WORK ITEM:
Output the records exactly, and drop each picture.

Records from a data source
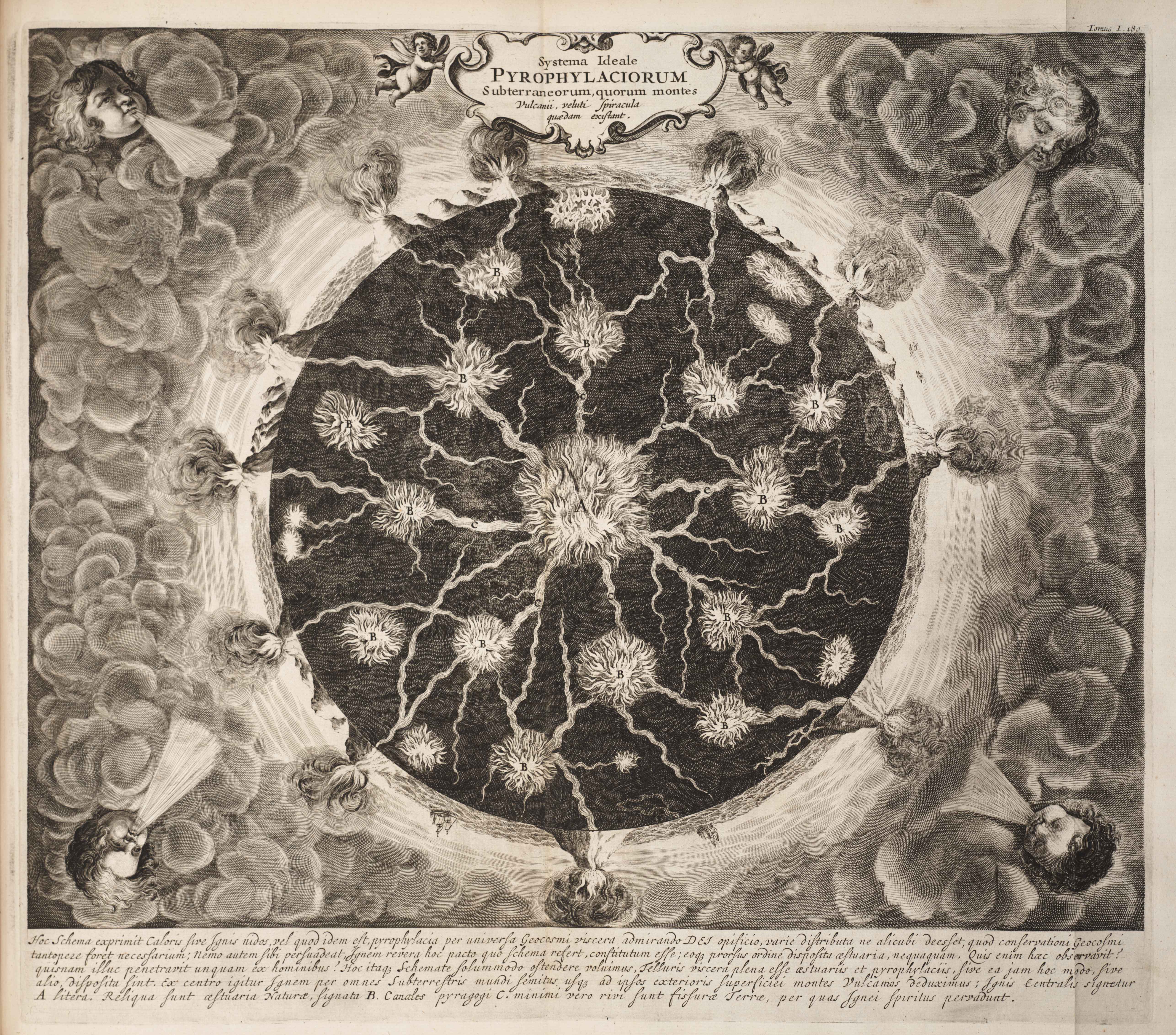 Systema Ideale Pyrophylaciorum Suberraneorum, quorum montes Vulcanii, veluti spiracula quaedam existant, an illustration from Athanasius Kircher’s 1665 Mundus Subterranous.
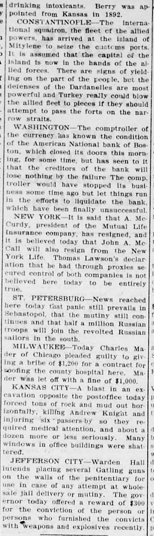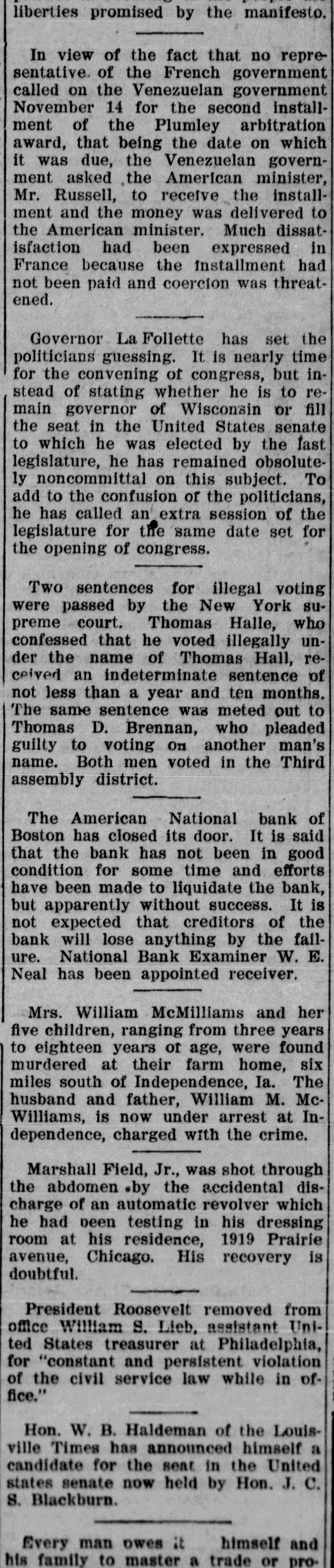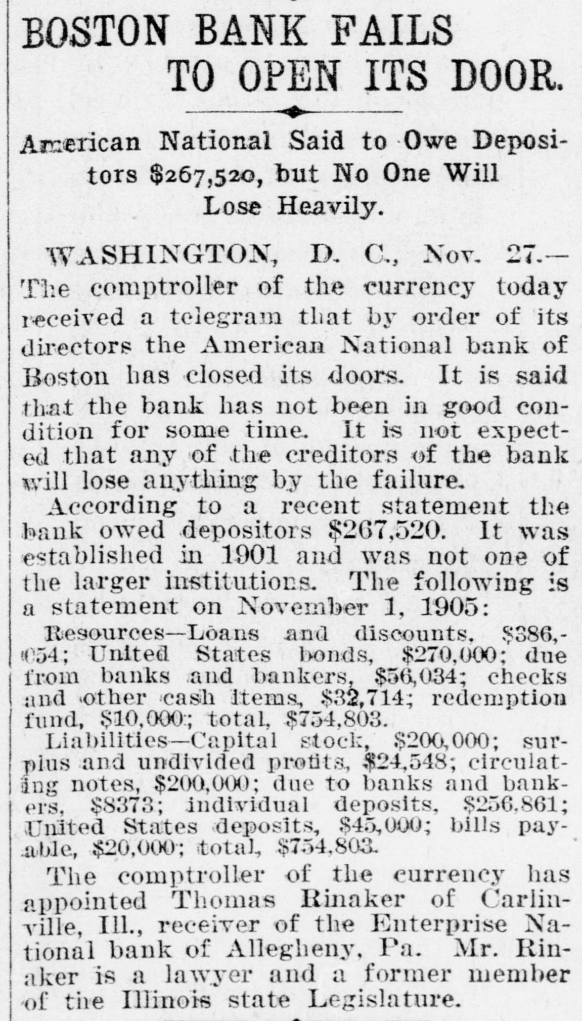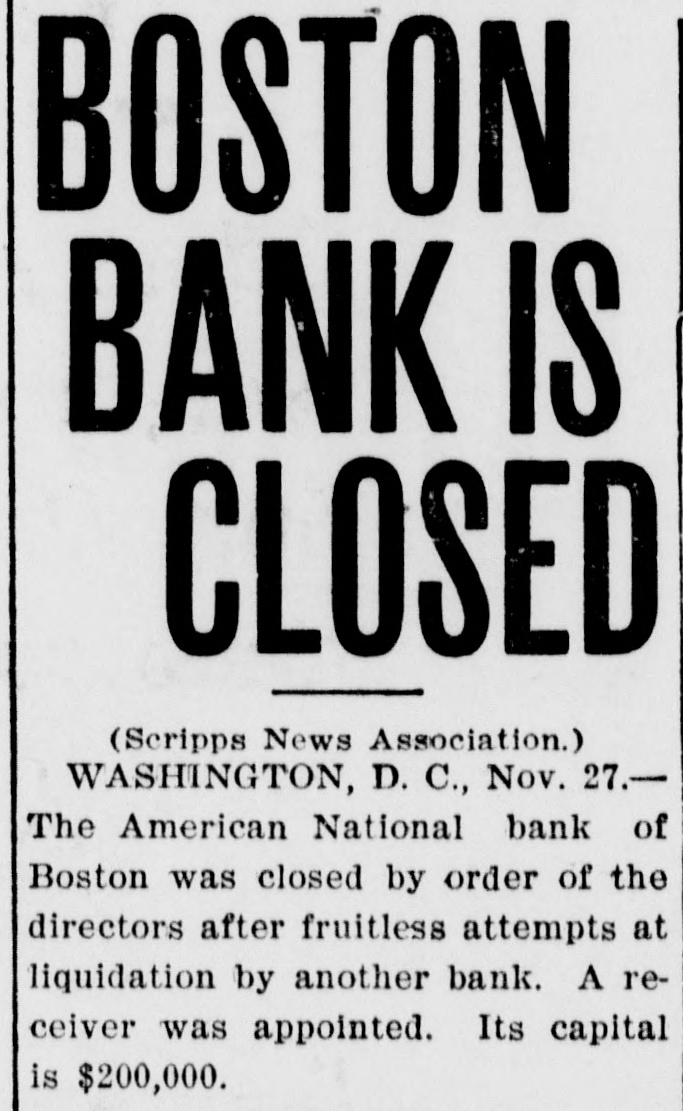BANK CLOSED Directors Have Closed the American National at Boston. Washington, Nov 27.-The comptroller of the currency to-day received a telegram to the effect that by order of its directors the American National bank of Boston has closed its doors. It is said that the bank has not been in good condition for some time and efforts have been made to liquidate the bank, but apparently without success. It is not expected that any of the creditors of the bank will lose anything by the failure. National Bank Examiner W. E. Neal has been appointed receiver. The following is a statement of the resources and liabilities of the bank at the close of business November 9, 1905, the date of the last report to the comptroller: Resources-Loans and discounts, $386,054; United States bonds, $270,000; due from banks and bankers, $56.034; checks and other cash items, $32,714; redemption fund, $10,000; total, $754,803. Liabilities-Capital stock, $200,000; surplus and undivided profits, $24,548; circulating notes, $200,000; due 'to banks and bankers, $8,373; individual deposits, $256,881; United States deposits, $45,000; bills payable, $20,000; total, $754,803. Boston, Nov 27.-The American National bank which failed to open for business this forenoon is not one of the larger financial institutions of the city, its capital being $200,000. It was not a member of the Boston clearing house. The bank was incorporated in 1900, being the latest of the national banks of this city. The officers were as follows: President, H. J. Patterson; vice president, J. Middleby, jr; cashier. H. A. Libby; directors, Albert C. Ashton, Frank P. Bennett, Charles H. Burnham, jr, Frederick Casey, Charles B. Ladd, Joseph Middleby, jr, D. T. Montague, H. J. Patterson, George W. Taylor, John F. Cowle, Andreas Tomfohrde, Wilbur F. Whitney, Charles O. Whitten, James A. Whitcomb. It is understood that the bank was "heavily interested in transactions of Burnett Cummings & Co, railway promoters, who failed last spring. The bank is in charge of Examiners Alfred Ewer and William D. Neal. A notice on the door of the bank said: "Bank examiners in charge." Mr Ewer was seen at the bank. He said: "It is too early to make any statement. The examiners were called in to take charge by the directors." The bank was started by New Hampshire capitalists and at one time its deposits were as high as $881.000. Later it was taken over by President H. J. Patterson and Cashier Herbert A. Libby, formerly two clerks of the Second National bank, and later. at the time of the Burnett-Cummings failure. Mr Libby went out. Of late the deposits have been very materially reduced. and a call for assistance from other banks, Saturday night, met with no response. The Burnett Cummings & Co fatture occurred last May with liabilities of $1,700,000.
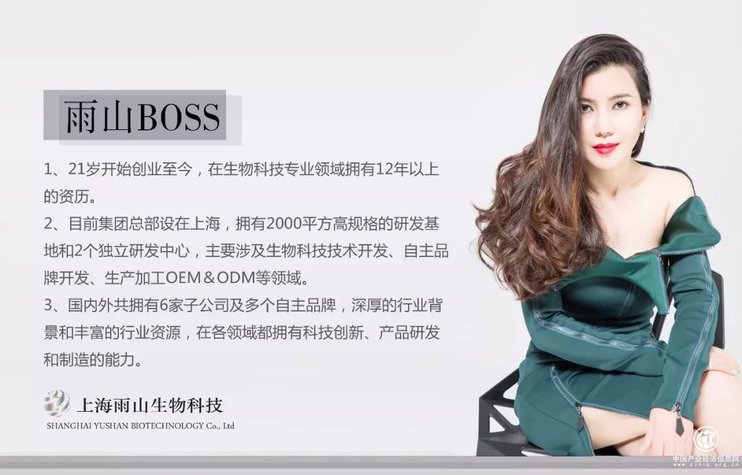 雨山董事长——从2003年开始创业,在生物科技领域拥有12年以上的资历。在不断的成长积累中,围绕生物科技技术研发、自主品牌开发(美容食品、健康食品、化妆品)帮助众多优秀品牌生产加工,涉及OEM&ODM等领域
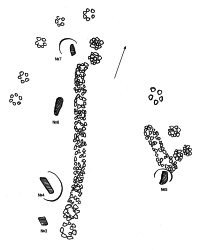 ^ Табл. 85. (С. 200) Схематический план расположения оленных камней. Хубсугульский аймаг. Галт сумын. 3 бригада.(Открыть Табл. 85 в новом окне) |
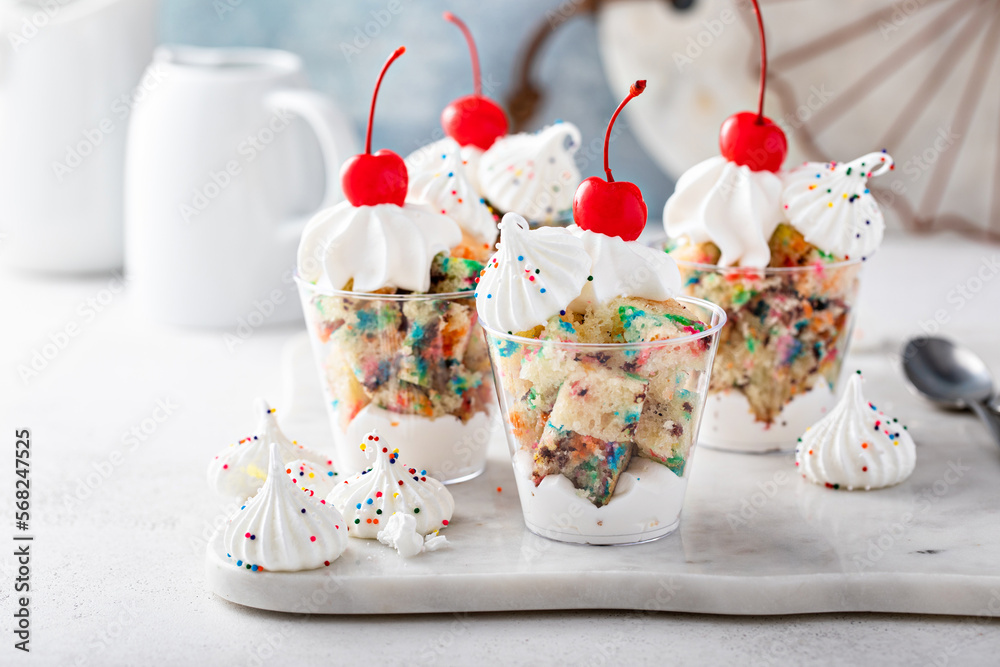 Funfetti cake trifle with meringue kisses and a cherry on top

RESULT:
 Systema Ideale Pyrophylaciorum Suberraneorum, quorum montes Vulcanii, veluti spiracula quaedam existant, an illustration from Athanasius Kircher’s 1665 Mundus Subterranous.
BANK CLOSED Directors Have Closed the American National at Boston. Washington, Nov 27.-The comptroller of the currency to-day received a telegram to the effect that by order of its directors the American National bank of Boston has closed its doors. It is said that the bank has not been in good condition for some time and efforts have been made to liquidate the bank, but apparently without success. It is not expected that any of the creditors of the bank will lose anything by the failure. National Bank Examiner W. E. Neal has been appointed receiver. The following is a statement of the resources and liabilities of the bank at the close of business November 9, 1905, the date of the last report to the comptroller: Resources-Loans and discounts, $386,054; United States bonds, $270,000; due from banks and bankers, $56.034; checks and other cash items, $32,714; redemption fund, $10,000; total, $754,803. Liabilities-Capital stock, $200,000; surplus and undivided profits, $24,548; circulating notes, $200,000; due 'to banks and bankers, $8,373; individual deposits, $256,881; United States deposits, $45,000; bills payable, $20,000; total, $754,803. Boston, Nov 27.-The American National bank which failed to open for business this forenoon is not one of the larger financial institutions of the city, its capital being $200,000. It was not a member of the Boston clearing house. The bank was incorporated in 1900, being the latest of the national banks of this city. The officers were as follows: President, H. J. Patterson; vice president, J. Middleby, jr; cashier. H. A. Libby; directors, Albert C. Ashton, Frank P. Bennett, Charles H. Burnham, jr, Frederick Casey, Charles B. Ladd, Joseph Middleby, jr, D. T. Montague, H. J. Patterson, George W. Taylor, John F. Cowle, Andreas Tomfohrde, Wilbur F. Whitney, Charles O. Whitten, James A. Whitcomb. It is understood that the bank was "heavily interested in transactions of Burnett Cummings & Co, railway promoters, who failed last spring. The bank is in charge of Examiners Alfred Ewer and William D. Neal. A notice on the door of the bank said: "Bank examiners in charge." Mr Ewer was seen at the bank. He said: "It is too early to make any statement. The examiners were called in to take charge by the directors." The bank was started by New Hampshire capitalists and at one time its deposits were as high as $881.000. Later it was taken over by President H. J. Patterson and Cashier Herbert A. Libby, formerly two clerks of the Second National bank, and later. at the time of the Burnett-Cummings failure. Mr Libby went out. Of late the deposits have been very materially reduced. and a call for assistance from other banks, Saturday night, met with no response. The Burnett Cummings & Co fatture occurred last May with liabilities of $1,700,000.
 雨山董事长——从2003年开始创业,在生物科技领域拥有12年以上的资历。在不断的成长积累中,围绕生物科技技术研发、自主品牌开发(美容食品、健康食品、化妆品)帮助众多优秀品牌生产加工,涉及OEM&ODM等领域
 ^ Табл. 85. (С. 200) Схематический план расположения оленных камней. Хубсугульский аймаг. Галт сумын. 3 бригада.(Открыть Табл. 85 в новом окне) |
 Funfetti cake trifle with meringue kisses and a cherry on top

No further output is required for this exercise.